If you allow or deny access to a subset of attributes on an object, determine whether the smallest list is the set of attributes that are allowed or the set of attributes that are denied. Then express your ACI so that you are managing the smallest list.
For example, the people object class contains dozens of attributes. To allow a user to update just a few attributes, write your ACI so that it allows write access for just those few attributes. To allow a user to update all but one or two attributes, create the ACI so that it denies write access for those one or two attributes.
Use LDAP search filters cautiously.
Search filters do not directly name the object for which you are managing access. Search filters can therefore result in unexpected results especially as your directory becomes more complex. If you use search filters in ACIs, run an ldapsearch operation with the same filter. This action will ensure that you know what the results of the changes mean to your directory.
Do not duplicate ACIs in different parts of your directory tree.
Look for overlapping ACIs. Imagine that you have an ACI at your directory root point that allows a group write access to the commonName and givenName attributes. Imagine also that you have another ACI that allows the same group write access to just the commonName attribute. In this scenario, consider reworking your ACIs so that only one attribute grants write access for the group.
As your directory grows more complicated, accidental overlapping of ACIs becomes increasingly common. If you avoid ACI overlap, security management becomes easier and the total number of ACIs in your directory is reduced.
Name your ACIs.
While naming ACIs is optional, giving each ACI a short, meaningful name makes managing your security model easier.
Use standard attributes in user entries to determine access rights.
As far as possible, use information that is already part of standard user entries to define access rights.
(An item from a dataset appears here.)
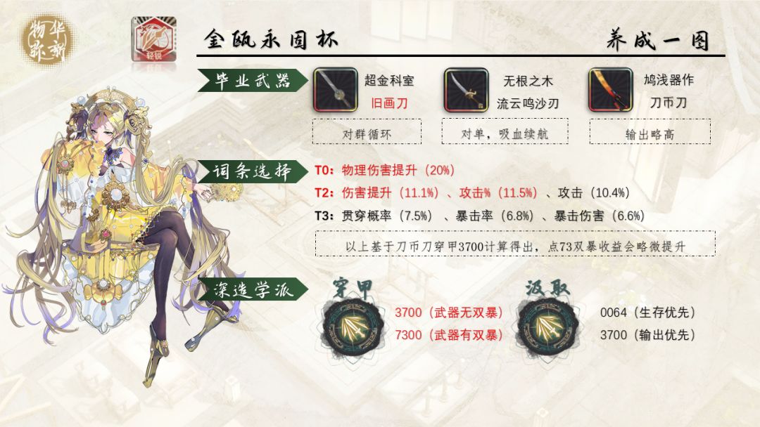 #物华弥新 #物华弥新创作者激励计划 #物华弥新攻略 越王勾践剑 简评:启动速度大幅提升,但数值上几乎无提升。 当作大核玩,可携带流云鸣沙刃搭配滴漏利簋纱衣百花维纳斯 站位分散时也可只带纱衣、利簋组小轴。 强度评价:S-(3致焕彰) 焕彰建议:推荐队友完整,喜欢操作的收藏家焕彰 喜欢自动挂机、缺少队友、没有3致知的情况下均不推荐焕彰 金瓯永固杯 简评:职业技能够回1能,稍微优化循环。 提升了额外

If you must create special attributes, consider creating the attributes as part of a role or Class of Service (CoS) definition. For more information about roles and CoS, see Chapter 11, Directory Server Groups and Roles, in Oracle Fusion Middleware Reference for Oracle Directory Server Enterprise Edition and Chapter 12, Directory Server Class of Service, in Oracle Fusion Middleware Reference for Oracle Directory Server Enterprise Edition.
Group ACIs as closely together as possible.
Limit ACI placement to your directory root point and to major directory branch points. If you organize ACIs into groups, the total list of ACIs is easier to manage and the total number of ACIs can be kept to a minimum.
Avoid using double negatives, such as deny write if the bind DN is not equal to cn=Joe.
Although this syntax is acceptable to the server, the syntax can be confusing for an administrator.